Since we have not used the CPU to run downstream tasks such as contact, we cannot give specific running configuration parameters under this condition, but I can tell you that we used four 32G V100s(GPU) when we fine-tuned this downstream task. Running contacts requires high computing power, so we do hot recommend fine-tuning the model without using the GPUs.

sa5r · 2022-05-18T01:20:07Z

Thanks. We use GPU to run the code.
Can you provide information about the duration it took you to run any of the downstream tasks including fine-tuning?

cheng-siyuan · 2022-05-18T03:01:19Z

Thanks. We use GPU to run the code. Can you provide information about the duration it took you to run any of the downstream tasks including fine-tuning?

We ran for about five hours. The specific calculation time depends on the GPUs you use and the epoch size you design.

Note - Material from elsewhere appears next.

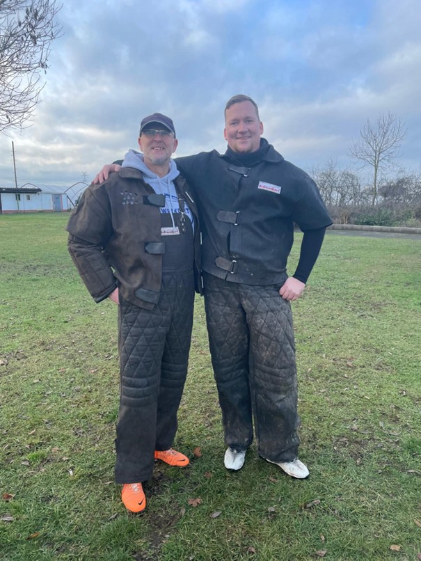 Schutzdiensthelfer Steffen Schulz und bei Fährtenleger Klaus

jasperhyp · 2022-09-22T14:21:50Z

It might be late but I also ran into this issue, though I think it's pretty normal to see OOM in contact prediction-- The TAPE contact prediction head (PyTorch version) is indeed memory costly, especially these two steps:

prod = inputs[:, :, None, :] * inputs[:, None, :, :]
diff = inputs[:, :, None, :] - inputs[:, None, :, :]
pairwise_features = torch.cat((prod, diff), -1)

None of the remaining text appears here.